Steve - let me ask.... Why do you think that you need exercises? I ask because it is often a situation where students don't put their bodies in the right place for the desired outcome to occur. It is often lack of range of motion. Often it is the instructor (assuming that you are working with one - and not a dude-bro who thinks that they know - there was a stunning example of one such person at our open pool session this last week) who doesn't understand mechanics, or can't find the right words to convey the sensations that the student should be capturing. 
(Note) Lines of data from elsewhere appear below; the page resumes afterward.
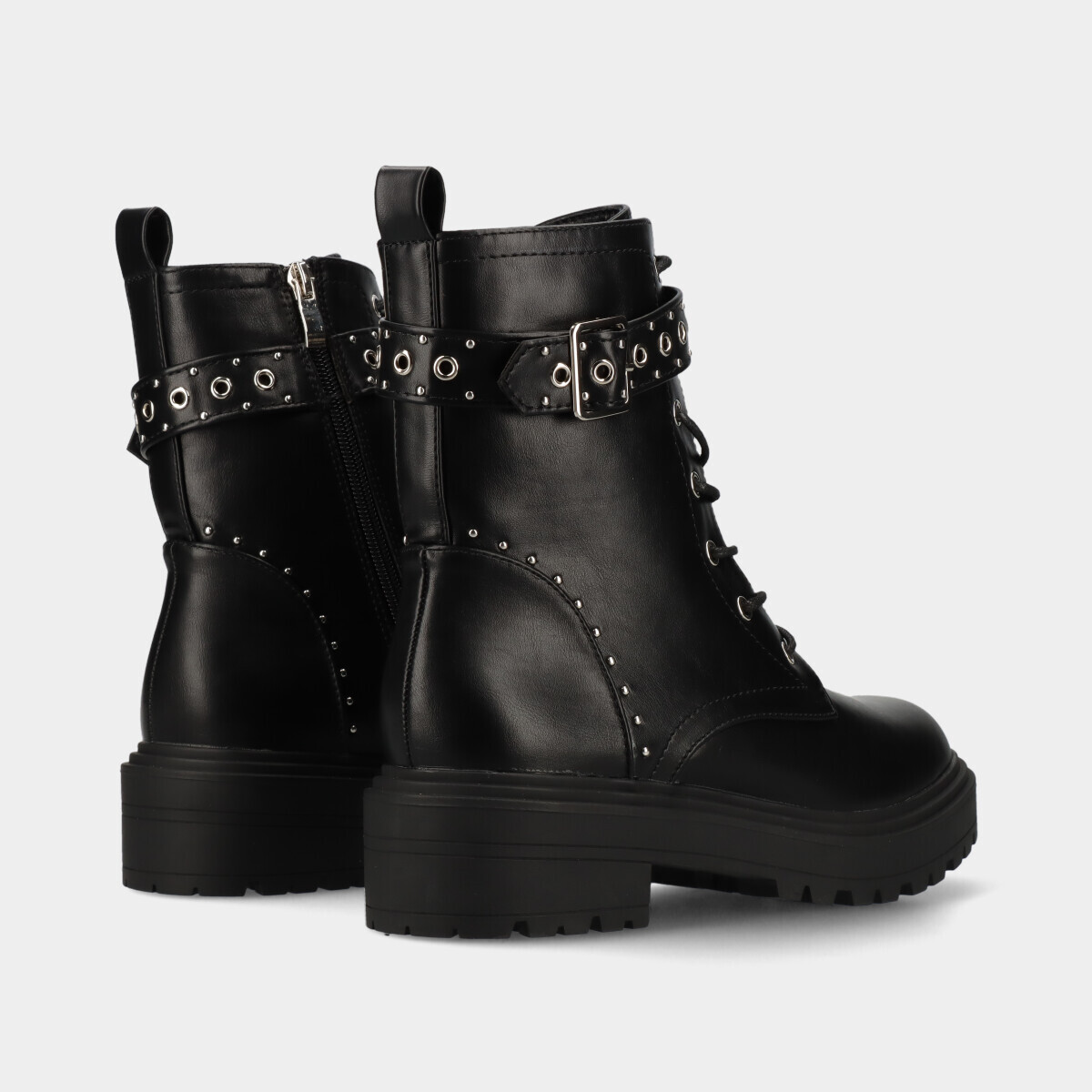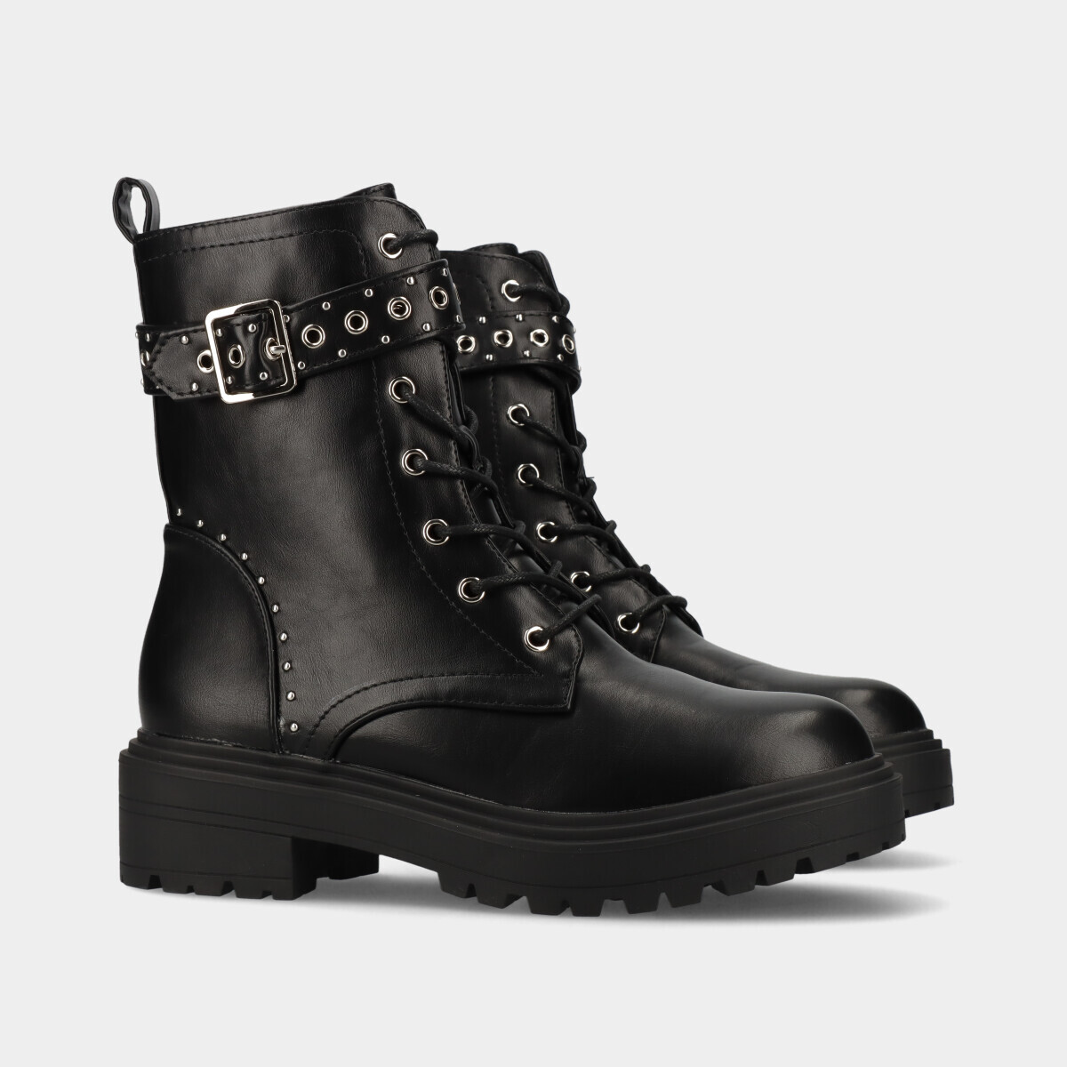 Botas para mulher em preto com sola grossa tratorada, atacadores, fivela e fecho lateral. Design moderno, ideais para o dia a dia e para complementar looks casuais.
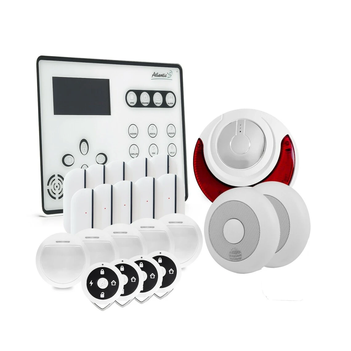 Centrale d’alarme Atlantic’S ATEOS GSM et sans fil Quantité : 1 L’ATEOS d’Atlantic’S est une centrale d’alarme de conception récente. Elle est le fruit de plus d’un an de développement. Ce système d’alarme sans fil reprend tous les attributs qui ont participé au succès des autres modèles de la marque et les enrichit de fonctionnalités nouvelles. L’ATEOS se distingue en particulier par : un système de communication bidirectionnel qui permet non seulement d’écouter les bruits ambiants autour de la centrale mais aussi d’interagir et de parler à travers son speaker intégré, des alertes paramétrables pour choisir en fonction de chaque type d’événement (détection périmétrique, détection volumétrique, batteries faibles, perte de signal GSM etc etc) comment être prévenu, c’est-à-dire : par appel téléphonique, par SMS, par notification à un centre de télésurveillance. Il est bien entendu possible de combiner ces alertes et de définir un ordre de priorité entre elles, des scénarios de déclenchement d’alarme particulièrement utiles en milieu professionnel qui autorisent par exemple de traverser une zone dans un délai imparti sans pour autant déclencher l’alarme ou encore de ne déclencher l’alarme que si des détections liées se produisent, un emplacement de carte SD pour bénéficier le cas échéant de mises à jour ou de fonctionnalités nouvelles que la marque Atlantic’S pourrait proposer, un message d’alerte personnalisable, 16 codes utilisateurs pour mieux discerner l’activité des personnes entrantes et sortantes dans le lieu protégé, un mode veille total. Bien entendu le système est entièrement sans fil (sauf alimentation électrique de certains éléments consommateur d’énergie comme la centrale ou certaines sirènes) et les différents composants communiquent donc entre eux grâce à des ondes-radio sécurisées par un protocole de codage. La transmission d’alarme téléphonique est mixte, ce qui signifie que l’ATEOS peut alerter son propriétaire à sa convenance soit via le réseau GSM (carte SIM non fournie) soit via une ligne fixe ou une box ADSL. Cette centrale d’alarme qui dispose d’une sirène intégrée, permet un armement partiel ou total et accepte jusqu’à 64 périphériques auxquels peuvent s’ajouter 8 périphériques filaires éventuels. L’ATEOS est aussi un dispositif « pet immune » et ses détecteurs ne déclenchent pas en cas de présence de petits animaux domestiques. L’ensemble de ce dispositif alarme est pilotable à distance grâce à l’application smartphone « Alarme Atlantic’S 3.0» (et suivantes) pour Androïd ou iOS disponible sur Google Play et dans l’App Store. Cette application permet d’armer partiellement ou totalement l’alarme, de la désarmer ou de connaître son statut à distance mais aussi de contrôler le port de sortie programmable et jusqu’à 8 modules domotiques. Bien entendu, tous les kits alarme ATEOS sont évolutifs et peuvent être enrichis au fil des besoins par de nouveaux périphériques. Enfin, le design de cette centrale a été particulièrement soigné. Plus petite qu’une feuille A4 et seulement épaisse de 3.5 cm elle s’intègre avec facilité et élégance dans tous les intérieurs avec son écran tactile blanc des plus réussi. 10 Détecteurs d’ouverture DO-443R Le détecteur d’ouverture pour portes et fenêtres DO-443R protège les accès et points vulnérables de votre domicile ou de votre local. Il communique en permanence avec la centrale d’alarme par liaisons radio sécurisées avec une portée maximum de 150m en champ libre (variable selon les obstacles et la configuration du lieu). Il transmet immédiatement un alerte en cas d’effraction et est équipé d’une protection anti-arrachement.
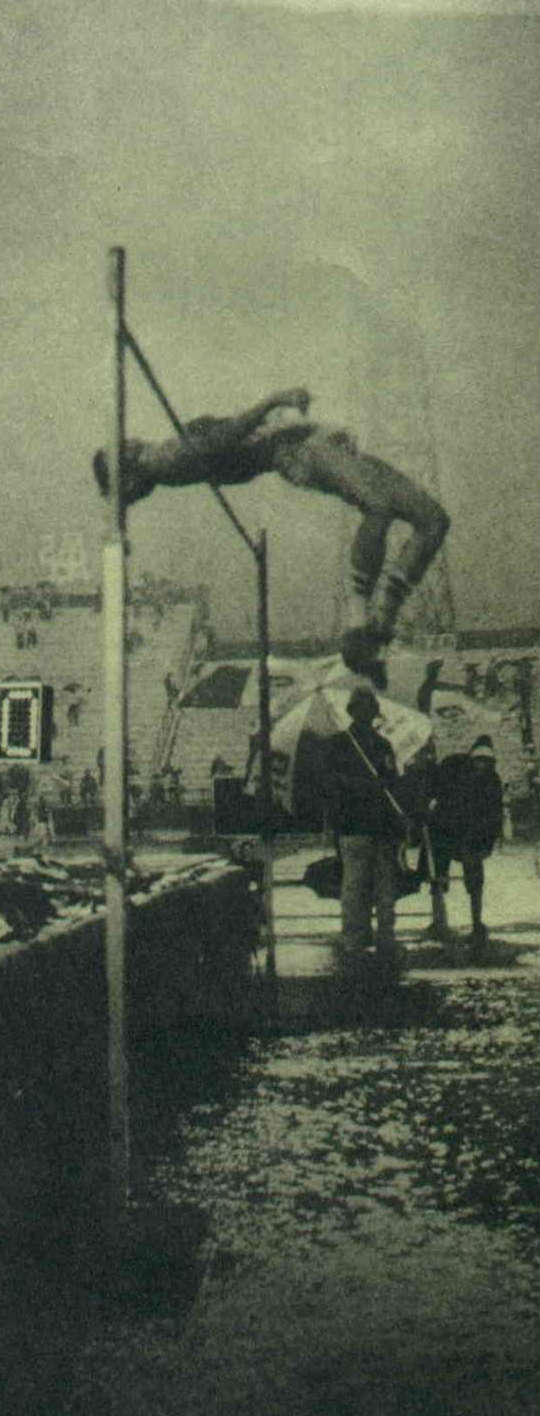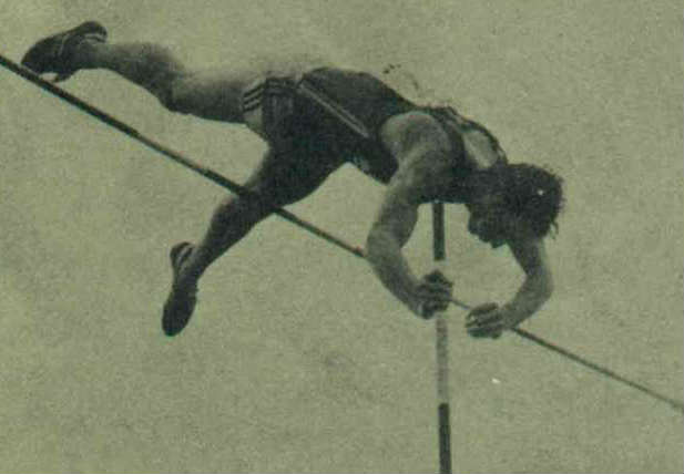 男子撐竿跳高選手,加拿大的柯里瓦斯,賽前用他自己一百六十磅的玻璃纖維竿練習時,不小心把竿子弄斷了。大家都知道撐竿跳是具有危險性的運動項目,尤其遇到雨天,竿子淋濕了之後很滑,更容易發生意外。在這種情況下,柯里瓦斯大有理由不出場,然而他卻沒有這麼做,仍舊冒雨借用別人的竿子比賽。

PM me for my info. I have a FB page where I often post drills, exercises, etc. I have a series of hip mobility drills that I am going to post. They were originally designed for skiing, but pay big dividends in paddling.

If you like, shoot a quick video and post to me. Or post to Whitewater Mentors o FB. I am a member of that group.

Enjoy the journey.


----------



## Steve H (Aug 7, 2008)

Durangutan: Thanks for the response. The reason that I believe that I need strength and range of motion advice is that I am 75 years old and have been rolling for almost 60 years. Even though I try and practice my rolls both in the pool and on the river, my ability has slowly deteriorated over the years. In all honesty, I never had a great roll, but I could consistently roll on either side, at least in a pool. I have come to the conclusion, rightly or wrongly that back stiffness due to arthritis and consequent weakness are hampering my roll. For example my sacroiliac joints are essentially fused. I think my only hope to improve my roll at this point in my paddling life is to figure out some reasonable dry land training program that I can do at home on days when I am not paddling. I am sure if I sent you a video, that you could find errors in my technic. it's just that I believe a lot of these errors are now due to strength and range of motion limitations. In other words, I think I know what I should do, but can't always do it.

Steve


----------



## shannon s (Feb 20, 2015)

Try yoga. Great website is "doyogawithme.com" Explore the sight, there's a ton of resources. The 30 day challenge will get you motivated.


----------



## Steve H (Aug 7, 2008)

Great Suggestion! TX


----------



## -k- (Jul 15, 2005)

I don't know if it will help, but when I started I use to sit in my boat in the living room or garage and rock my boat up on edge and do edge holds. Keep a low brace for support (so you don't start a bad habit) and try to balance to eliminate the need for support at all. You can then practice getting forward and maintaining the balance. I found this very effective working my abs and hip flexors, edge control, flexibility and overall sense of body placement with respect to my boat.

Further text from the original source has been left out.